幕間 1
さくらの嫌われ者体質の原因、一樹は既に突き止めていました。
笑い方の指摘を受けたため、少し改稿しました。
内容に変化はありません。
俺の名は近藤一樹。
親父は小さいながらもゲーム会社の社長、おふくろはここら一体の土地の地主だ。
だから我が家では地域の名士たちやゲーム関係のお偉方のために、パーティーやら会合が頻繁に開かれてて、俺も小さい頃から親の後ろにくっついて挨拶やらなんやらをさせられてた。
そのせいかどうかは知らんが、俺から見ると同年代の連中がガキすぎてやってられなかった。
感情を制御できず、すぐ泣いたり、怒ったりするあいつらを見るとイライラした。
今思えば、俺もアホだったなー、と思うんだが。
まあ、当時の俺はそうやって周りを見下してた。
そして、そんな俺に友達がいるわけもなかった。
もちろん、世間付き合いはうまかったし空気も読めた。
しかも親父のおかげで最新のゲーム機を必ず持ってる俺は人気者で、俺の周りにはたくさんの奴らが集まってきた。
でもそいつらを心の中では見下してた俺にとっては友人と呼べる存在はいなかった。
そんなときだ。
俺に転換点が訪れた。
中学2年の春にやつが転校してきた。
そう、我らがさくらちゃん(男)である。
さくらは男の俺から見てもかなり整った顔立ちで挨拶もサッパリとしたものであり、こいつはモテるな、とまあこう思った。
もう少し言えば、この後さくらにバカな同年代の女どもが群がるだろうなぁ、と思っていた。

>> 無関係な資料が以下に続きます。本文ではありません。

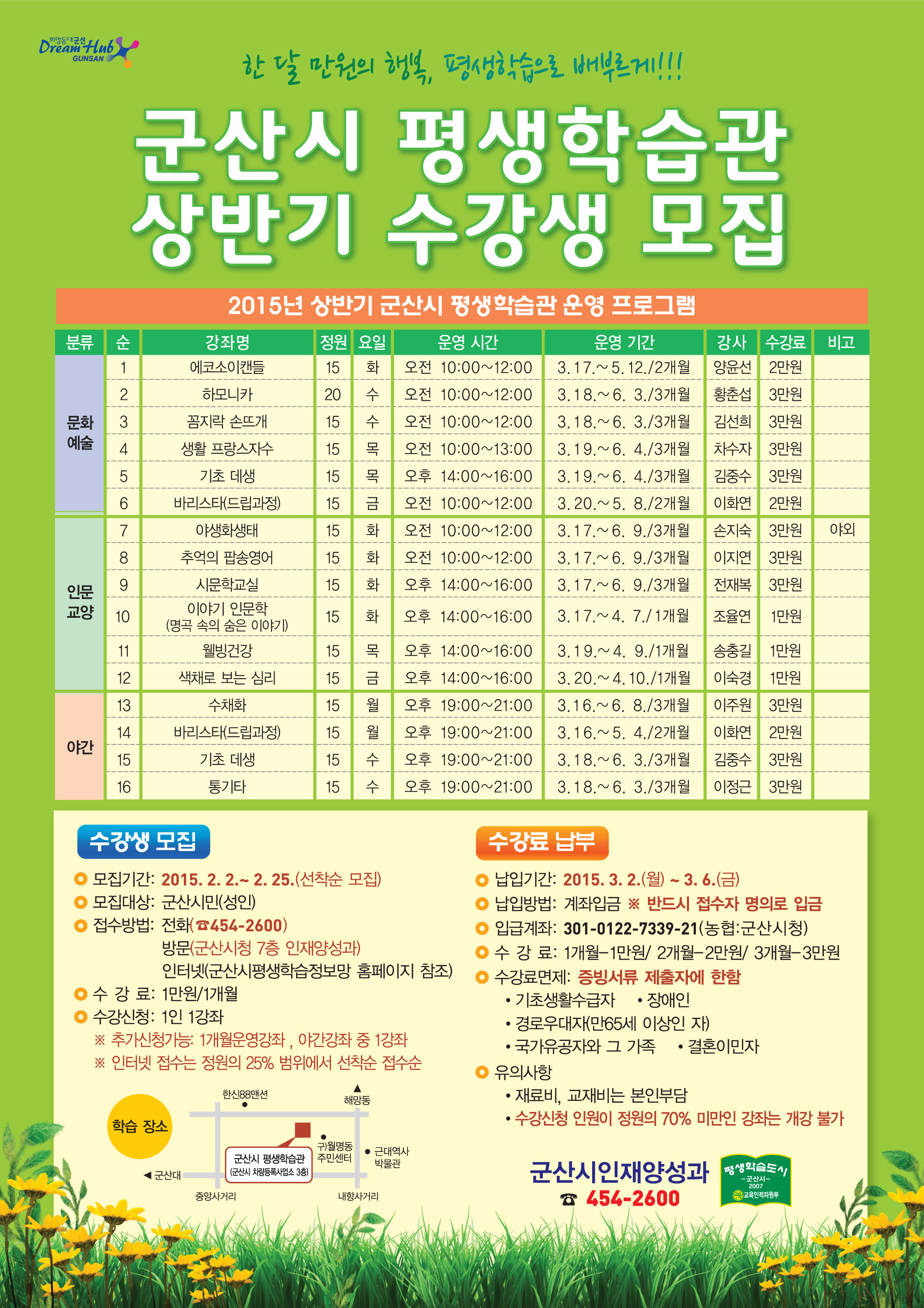 2015년 상반기 군산시 평생학습관 수강생을 다음과 같이 모집하고자 합니다. ^^

俺は性格はひねくれているが、自分の人を見る目には少々自信があったので、こういう予想は外れたことがなかったし、外れるとも思っても見なかった。
だが予想は外れた。
なんと、女子は誰一人として彼に近づかなかったのだ。
いや、女子だけではない。
男子もである。
しかも!
さくらから話しかけても、奴らは何故かビクビクしながら対応し、決して仲良くなることはなかったのである!
まあ何でかというとあれだ。
ほら、さくらって動物に嫌われる体質だろ。
それは人間様にも効果はばつぐん、だったんだよ。
笑っちまうよな。
んで、予想が外れて当時の俺はめっちゃ驚いた。
今の俺だったら不思議に思ったりして原因を探ろうとするんだが、そんときは違った。
こいつとなら友人になれるかもしれんっ、と思ったのだ。
今だから分かることだが、俺は寂しかったんだろう。
本当は友達とバカみたいに騒いだり、遊んだりしたかったのだ。
だが、昔から見下し続けてきた周りのやつらと今更心から打ち解けることもできずにいてもんもんとしていたのだ。
そこへ現れた、初めて俺が予測を立てられなかった男。
こいつならやり直せる、1から友達になれると思ったのだった。
そうして俺には初めて友人ができた。
んで、さくらとバカ騒ぎしてるうちに周りの奴らのことも見下さなくなった。
おかげで俺はただ粋がってるだけのガキから、やっと卒業出来たのだった。
そういうことがあって俺は、さくらと出会って以来友達もたくさん増えた。
全てはさくらのお陰である。
で、当然のこととして、俺はさくらの為になんかできないかなー、と考えるようになった。
そしてやつの動物愛護の夢を叶えてやることにしたのである。
んで去年、俺はさくらへの誕生日プレゼントが失敗したのを受けて、まずは奴の体質の正体を探ることにした。
もちろんさくらには内緒である。
主におふくろの伝手をたどって調査してもらい、半年ほどたったとき、原因を突き止めた。
さくらが動物を通り越して人間にまで嫌われる理由は、彼が発している脳波にあり、改善は不可能だというのだ。
つまり、さくらが動物になつかれる日は来ない。
だったら、と俺は発想を転換した。
現実世界が無理なら仮想世界ならいいじゃないか!!
と。
そして俺はさくらの17の誕生日に《Liberty Online》をプレゼントした。
読んで下さり、ありがとうございます!
次回、とうとうゲーム開始です!
ご指摘、ご感想お待ちしております。
少し詳しくさくらの体質を説明します。
さくらは常に動物(人間含む)に嫌がられる脳波を発しています。
動物たちは敏感なので、かなりさくらのことを嫌がります。
というか嫌がるを通り越して、恐怖を覚えます。
ですが人にとっては「なんかあいつやな感じ」程度です。
まあ、その「やな感じー」程度でクラスでは孤立してしまうのが人間の怖いところです。
一樹は大人たちに揉まれているので、「やな感じ」程度では動じません。